How would you feel about opening your door sometime soon to see SEVEN gorgeous, award-winning books on your doorstep? Of course you would feel EXCELLENT! So check out the winners here and click on the red button for your chance to win!


Winner: Fiction

Sheila Heti's Pure Colour (Knopf Canada)

"Pure Colour is a work of genius, juxtaposing the profound and the everyday to tell the story of Mira struggling with the death of her beloved father. In familiar yet philosophical language, Heti presents art-making, love, and solitude in a stunningly original work.
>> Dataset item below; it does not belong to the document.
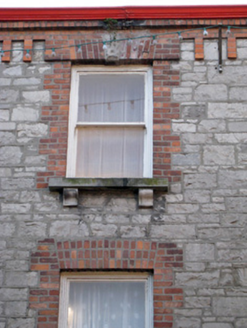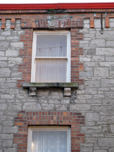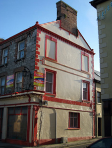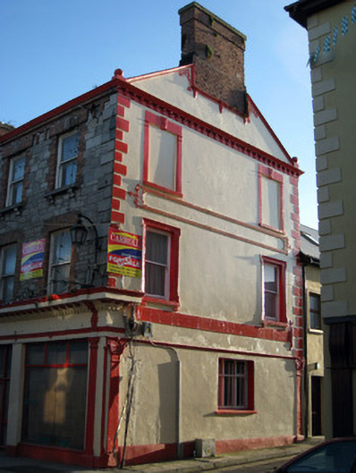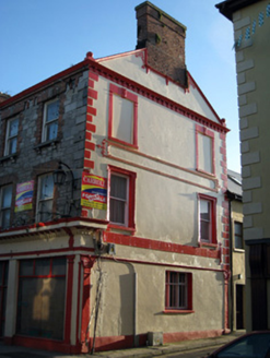 Terraced seven-bay three-storey house, built in 1871, with render shopfront to front (north-east) elevation. Pitched slate roof having brick chimneystacks, eaves course and cast-iron rainwater goods. Roughly dressed limestone walls and cut limestone quoins. Rendered walls to west elevation with render surround to chimney flue, copings having ball finials, bracketed cornice, quoins, plinth course and fascia. Square-headed openings with limestone sills, brackets, brick block-and-start surrounds and one-over-one pane timber sliding sash windows. Those to second floor having rusticated limestone keystones. Shopfront comprising, render Ionic style pilasters, fascia, dentillated and bracketed cornice having animal head motifs. Square-headed display opening to west end bay with timber casement windows. Display window to east end bay having flanking render consoles, pilasters and voussoirs with inscribed keystone, two-over-two pane timber sliding sash window and concrete sill having cast-iron sill guard. Square-headed opening with glazed overlight over replacement half-glazed timber panelled door. Square-headed opening having render roll moulded jambs, ornate pilasters and festoon motif over shouldered glazed overlight over timber panelled door. Square-headed opening having shouldered glazed overlight with flanking scrolled and foliate consoles over timber panelled door. Square-headed carriage arch having render quoins and single-leaf metal gate.

Renewing our sense of the world-changing power of art, the writing is gorgeous, poetic, funny, and ‘more than here.'"

—Peer assessment committee: Norma Dunning, Thea Lim and John Steffler

Read The Chat with Sheila Heti!



Winner: Nonfiction

Eli Baxter's Aki-wayn-zih: A Person as Worthy as the Earth (McGill-Queens University Press)

"Eli Baxter’s indelible memoir, Aki-wayn-zih, takes readers deep into Anishinaabay culture, language and history to reveal a rich and complex world, while showing how the link between language and land is crucial for survival and growth. At a time when he worries that the fires of Indigenous languages are going out, his simple and beautiful book, written across languages, cultures, and generations, radiates a radical kind of hope."

—Peer assessment committee: Will Aitken, Madhur Anand and Jenna Butler



Winner: Poetry

Annick MacAskill's Shadow Blight (Gaspereau Press)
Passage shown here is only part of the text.